Philoinformatics

Saturday, December 11, 2010

Philoinformatics and Categories of Informatics

How does philoinformatics relate to general informatics?

I will once again answer this using MS Paint. I think informatics (information science) can be usefully looked at as a kind of fan-like spectrum from general informatics to specific informatics. On the pointy handle end, you have fundamental informatics. As you move along to the edges of the fan, you find general domain informatics. At the edges on the right you have specific informatics fields such as bioinformatics, socioinformatics, and philoinformatics. Those are the grey and beige slices.

You can think of any very specific topic being placed on the edge of the fan under the title of "Informatics of X" or "X informatics" or, if you're lucky enough to have a nice prefix representing the topic, even "Xoinformatics"!

Domain Informatics
Just taking a look at the wikipedia page on informatics begs for some subcategories to help organize the discipline. The problems that are solved by the same mechanism in multiple specific informatics disciplines are more appropriately put deeper (to the left) in this fan picture, in the direction of general fundamental informatics. This is the realm of domain informatics. Domain informatics is arguably the most interesting area of informatics. Fundamental informatics is quite stable and almost completely content-neutral. While most advances in a specific informatics domain can usually be generalized to a certain point under certain conditions. I'd put things like information entropy, communication channel theory, cloud computing, and generic encryption issues in the 'fundamental informatics' category. In order to explain where philoinformatics lies in this picture, I'm going to try to identify and categorize the domain informatics.

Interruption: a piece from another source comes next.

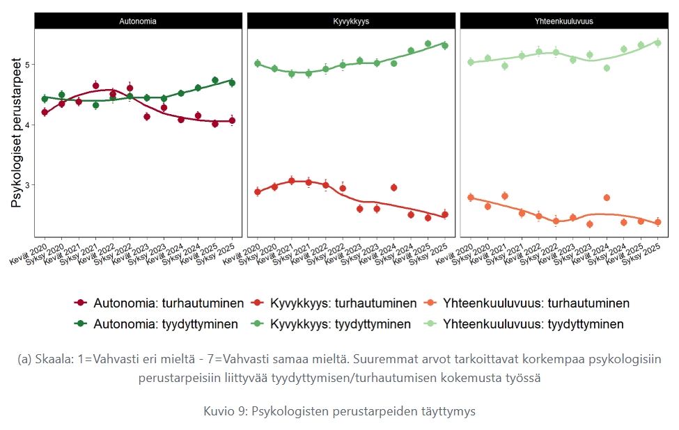 Tulosten perusteella opettajien psykologisten perustarpeiden tyydyttyminen on ollut mittausaikana nousevassa trendissä. Kokemus kyvykkyyden ja yhteenkuuluvuuden tyydyttymisestä on ollut keskimäärin korkeampaa kuin autonomian tyydyttyminen. Kyvykkyyteen ja yhteenkuuluvuuteen liittyvä turhautuminen on puolestaan laskenut ajan myötä ja ollut koko tarkastelujakson ajan selvästi tyydyttymistä matalammalla tasolla. Tästä poikkeuksen muodostaa autonomian turhautuminen, joka on pysynyt koko mittausjakson ajan verrattain korkealla. Koronapandemian aikana, erityisesti vuosina 2021 ja 2022, autonomian turhautumisen taso oli jopa korkeampi kuin tyydyttymisen, mutta tämän jälkeen se on kääntynyt selkeään laskuun.
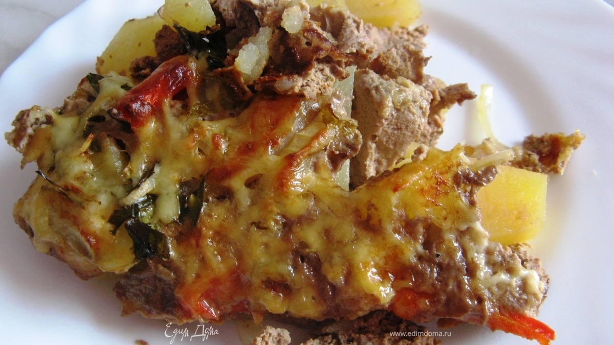 - Шаг 1Сначала замачиваем печень в молоке минут на 30. Затем перекладываем печень в блендер (без молока, его надо слить),$ кладем лук, перец болгарский, чеснок ,йогурт и яйцо с частью зелени. Взбиваем все в мусс. Солим. Берем глубокую форму для запекания ,смазываем ее немного раст.маслом выливаем наш будущий паштет. Картофель чистим режем, лук и перец тоже. Сыр трем на терке. Теперь кладем картофель в наш печеночный мусс, распределяя его по всей форме, сверху посыпаем луком, болгарским перцем и сыром. Запекаем все вместе минут 40 в разогретой духовке до 200гр.

Qualitative vs Quantitative
I think a major distinction to make when categorizing the growing amount of domain informatics is between qualitative and quantitative content. All disciplines, of course, need to deal with both quantitative and qualitative data, but some disciplines (like physics) have quantitative measurement at their cores, while other disciplines (like history) have qualitative reports and observations at their cores.

A Third Q?
Abstract disciplines like philosophy, law, math, economics, and computation, which are "removed" in a sense from direct empirical observation are interesting cases. They all seem to allow for more rigid models than qualitative observations but are generally not amenable to numerical models in the way quantitative measurements are. Unfortunately I can't think of an appropriate catchy word that starts with a 'Q' to add to the Quantity/Quality (false) dichotomy. But I think we can roughly partition all of domain informatics into Feature, Model, and Measurement Informatics. These are the yellow, blue, and red parts of my beautiful map of informatics above.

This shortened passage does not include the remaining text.